> **GOAL OF THE EXERCISE**
Print the records below exactly, starting at the first line and stopping after the line that contains "Brown Casual Women's". Leave out any pictures.

> **DATA**
####

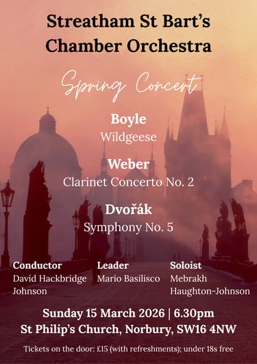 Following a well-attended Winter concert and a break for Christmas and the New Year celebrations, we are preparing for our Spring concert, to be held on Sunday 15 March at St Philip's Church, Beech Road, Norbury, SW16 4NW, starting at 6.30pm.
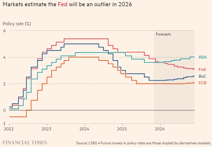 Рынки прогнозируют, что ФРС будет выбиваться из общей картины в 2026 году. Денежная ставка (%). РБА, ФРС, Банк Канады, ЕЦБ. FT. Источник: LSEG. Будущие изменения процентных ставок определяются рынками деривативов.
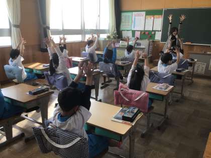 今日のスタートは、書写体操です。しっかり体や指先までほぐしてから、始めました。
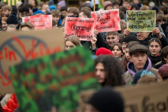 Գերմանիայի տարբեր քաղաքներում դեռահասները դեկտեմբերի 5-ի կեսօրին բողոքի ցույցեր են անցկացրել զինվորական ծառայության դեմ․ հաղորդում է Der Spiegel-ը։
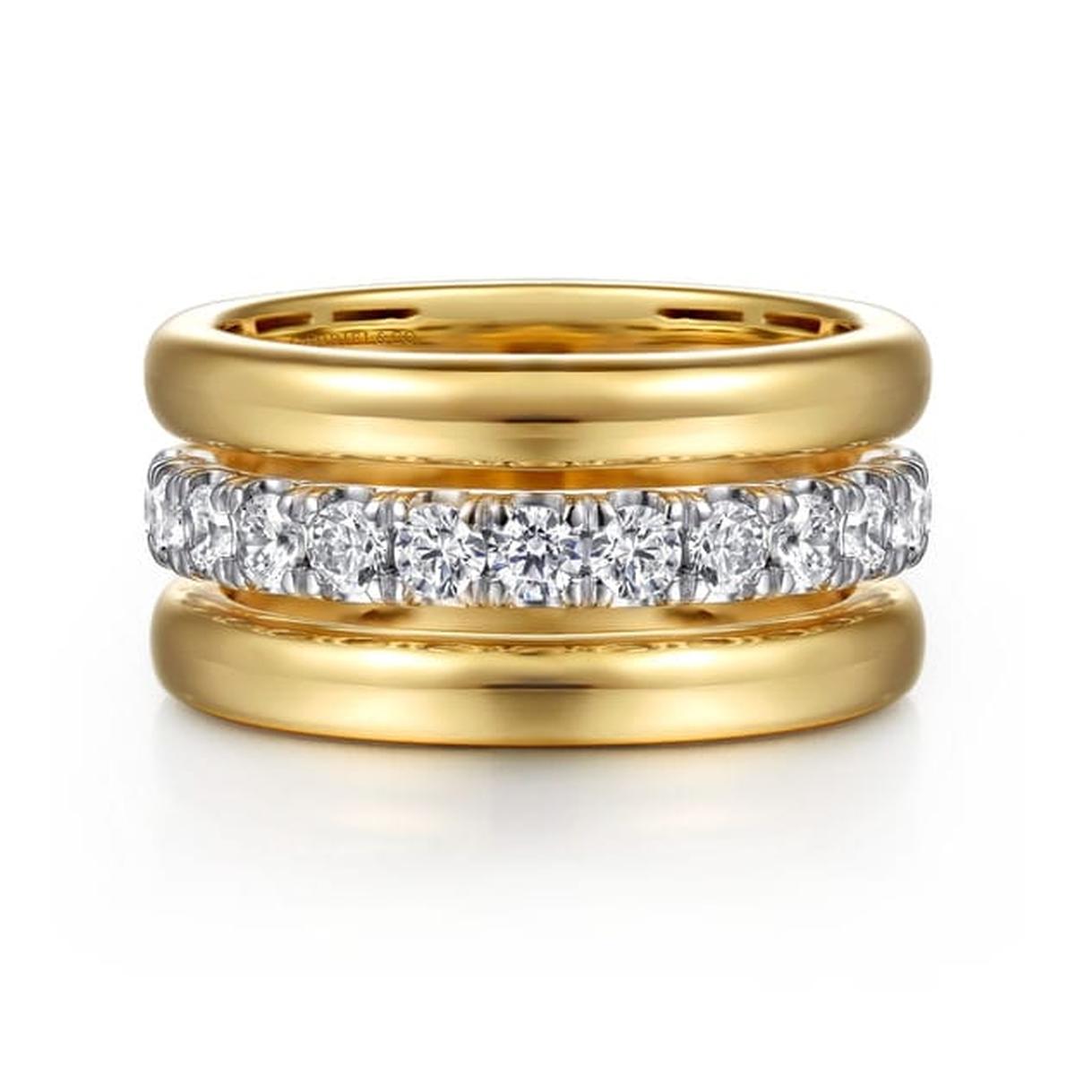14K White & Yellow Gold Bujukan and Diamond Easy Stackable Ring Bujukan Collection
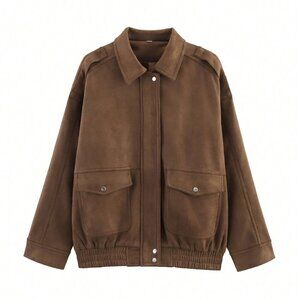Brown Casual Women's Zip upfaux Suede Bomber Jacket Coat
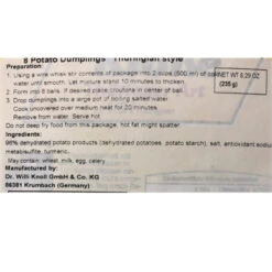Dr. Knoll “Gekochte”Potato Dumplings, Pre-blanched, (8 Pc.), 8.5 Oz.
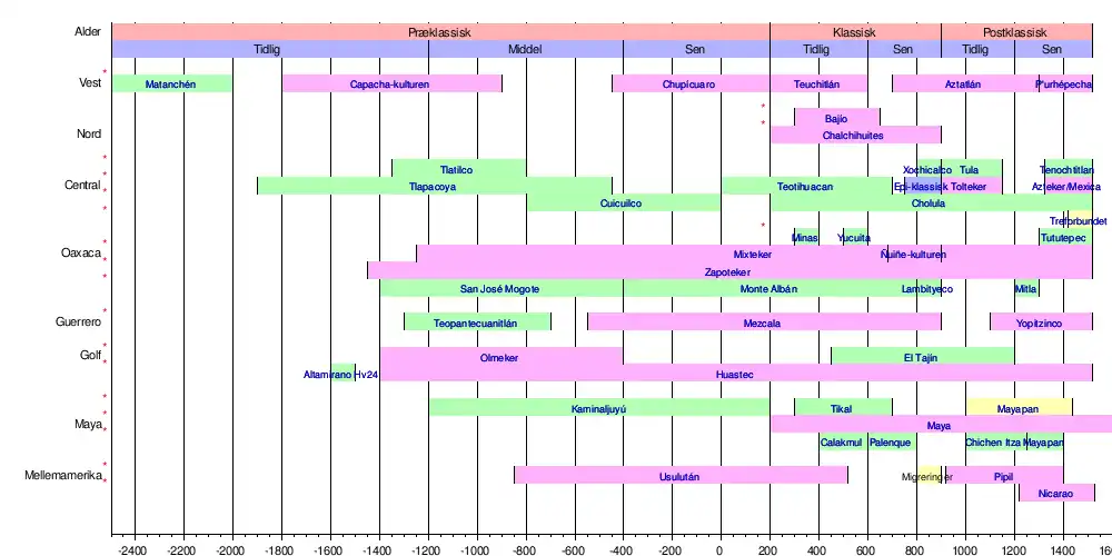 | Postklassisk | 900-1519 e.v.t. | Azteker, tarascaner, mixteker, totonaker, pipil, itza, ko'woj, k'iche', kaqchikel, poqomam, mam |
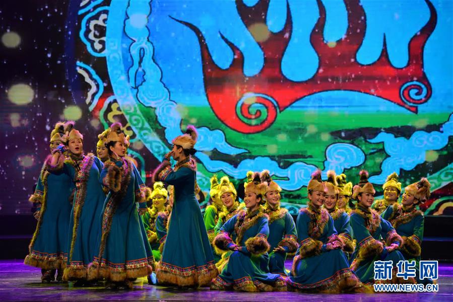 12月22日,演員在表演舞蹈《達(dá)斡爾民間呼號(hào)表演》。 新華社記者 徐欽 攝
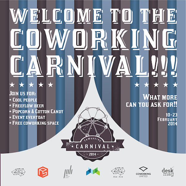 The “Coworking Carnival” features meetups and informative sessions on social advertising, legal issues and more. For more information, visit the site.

####

> **SOLVED EXERCISE**
 Following a well-attended Winter concert and a break for Christmas and the New Year celebrations, we are preparing for our Spring concert, to be held on Sunday 15 March at St Philip's Church, Beech Road, Norbury, SW16 4NW, starting at 6.30pm.
 Рынки прогнозируют, что ФРС будет выбиваться из общей картины в 2026 году. Денежная ставка (%). РБА, ФРС, Банк Канады, ЕЦБ. FT. Источник: LSEG. Будущие изменения процентных ставок определяются рынками деривативов.
 今日のスタートは、書写体操です。しっかり体や指先までほぐしてから、始めました。
 Գերմանիայի տարբեր քաղաքներում դեռահասները դեկտեմբերի 5-ի կեսօրին բողոքի ցույցեր են անցկացրել զինվորական ծառայության դեմ․ հաղորդում է Der Spiegel-ը։
14K White & Yellow Gold Bujukan and Diamond Easy Stackable Ring Bujukan Collection
Brown Casual Women's Zip upfaux Suede Bomber Jacket Coat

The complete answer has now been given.